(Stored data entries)
[Start of section]

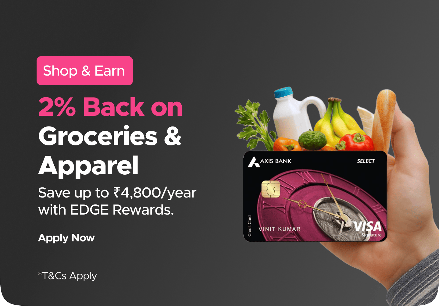 Orders placed on Axis Select Credit Card app are eligible for Rewards
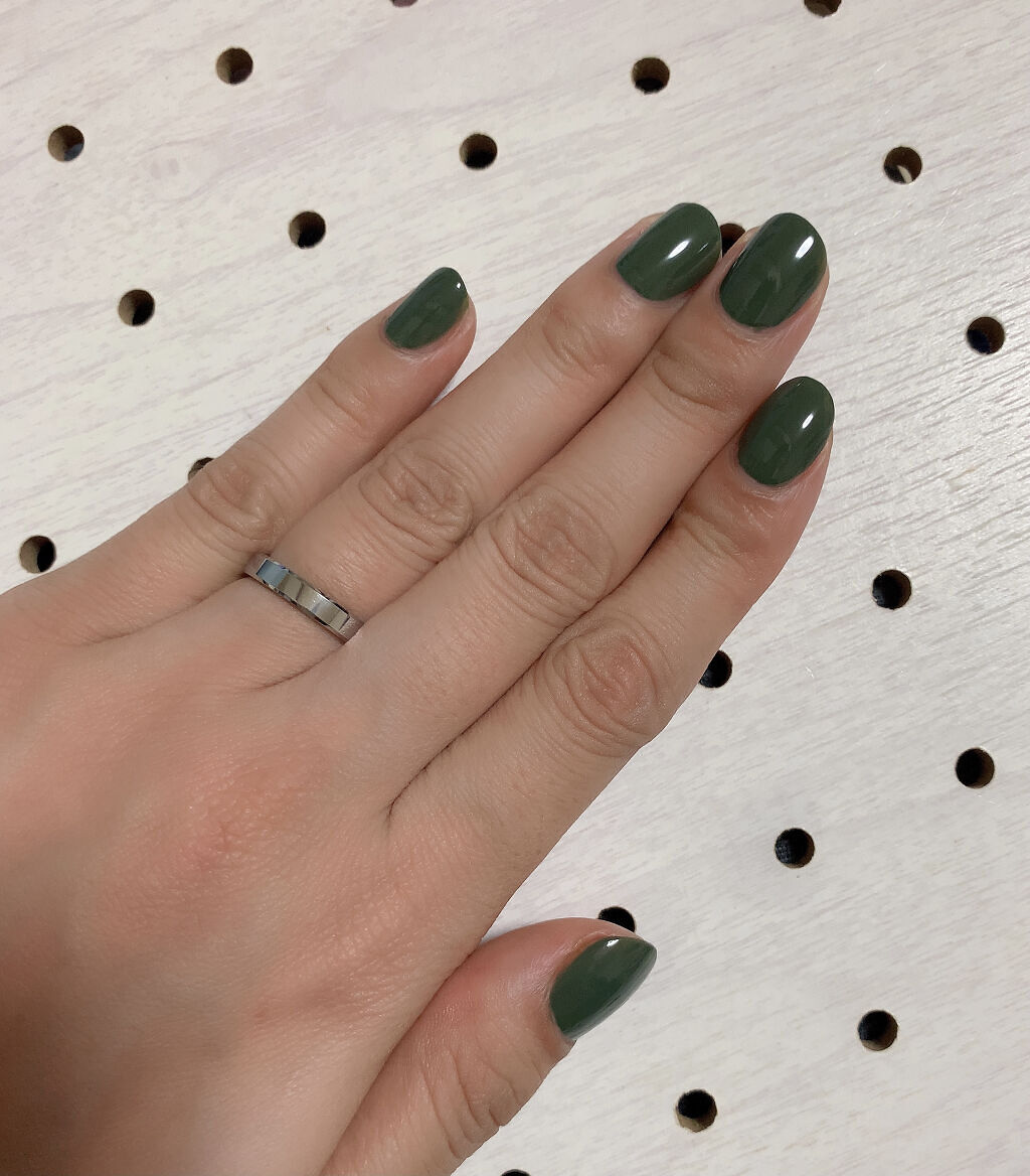DAISOのgeneTOKYOネイルオリーブ+:-:+:-:+:-:+:-:+:-:+:-:+:-:+:-:+:-:+:-:+ダイソーのこのネイルはカラバリがおしゃれで気に入っています!遠目に黒っぽく見えますが深緑です。二度塗りしています。高...
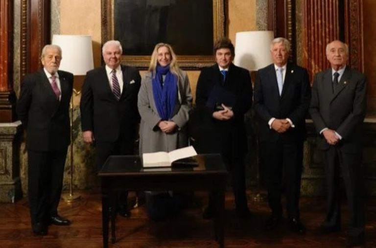 Javier y Karina Milei se trasladaron al mediodía a la sede de la institución, en la calle Alvear al 1.300 en el barrio de Retiro, luego de haber participado por la mañana en la AMIA del acto por el aniversario del atentado contra la mutual judía.
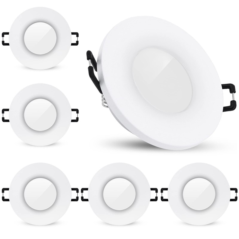 - Pack of 6 simple recessed lighting made of matt white and rust-proof aluminium with glass panel and sealing rings for bathroom and outdoor use
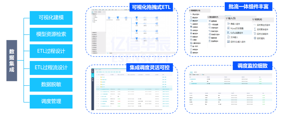 數據集成包括數據內部共享、外部流通和對外開放。數據共享管理的關鍵活動包括定義數據資產運營指標和設計管理方案等。其主要作用在于降低數據資產化操作的門檻,使更多的業務人員能夠參與其中。
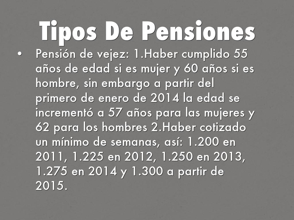 Pensión de vejez: 1.Haber cumplido 55 años de edad si es mujer y 60 años si es hombre, sin embargo a partir del primero de enero de 2014 la edad se incrementó a 57 años para las mujeres y 62 para los hombres 2.Haber cotizado un mínimo de semanas, así: 1.200 en 2011, 1.225 en 2012, 1.250 en 2013, 1.275 en 2014 y 1.300 a partir de 2015.

[End of section]

Work instructions - Repeat all the records above exactly, leaving out any pictures.

Output -
 Orders placed on Axis Select Credit Card app are eligible for Rewards
DAISOのgeneTOKYOネイルオリーブ+:-:+:-:+:-:+:-:+:-:+:-:+:-:+:-:+:-:+:-:+ダイソーのこのネイルはカラバリがおしゃれで気に入っています!遠目に黒っぽく見えますが深緑です。二度塗りしています。高...
 Javier y Karina Milei se trasladaron al mediodía a la sede de la institución, en la calle Alvear al 1.300 en el barrio de Retiro, luego de haber participado por la mañana en la AMIA del acto por el aniversario del atentado contra la mutual judía.
 - Pack of 6 simple recessed lighting made of matt white and rust-proof aluminium with glass panel and sealing rings for bathroom and outdoor use
 數據集成包括數據內部共享、外部流通和對外開放。數據共享管理的關鍵活動包括定義數據資產運營指標和設計管理方案等。其主要作用在于降低數據資產化操作的門檻,使更多的業務人員能夠參與其中。
 Pensión de vejez: 1.Haber cumplido 55 años de edad si es mujer y 60 años si es hombre, sin embargo a partir del primero de enero de 2014 la edad se incrementó a 57 años para las mujeres y 62 para los hombres 2.Haber cotizado un mínimo de semanas, así: 1.200 en 2011, 1.225 en 2012, 1.250 en 2013, 1.275 en 2014 y 1.300 a partir de 2015.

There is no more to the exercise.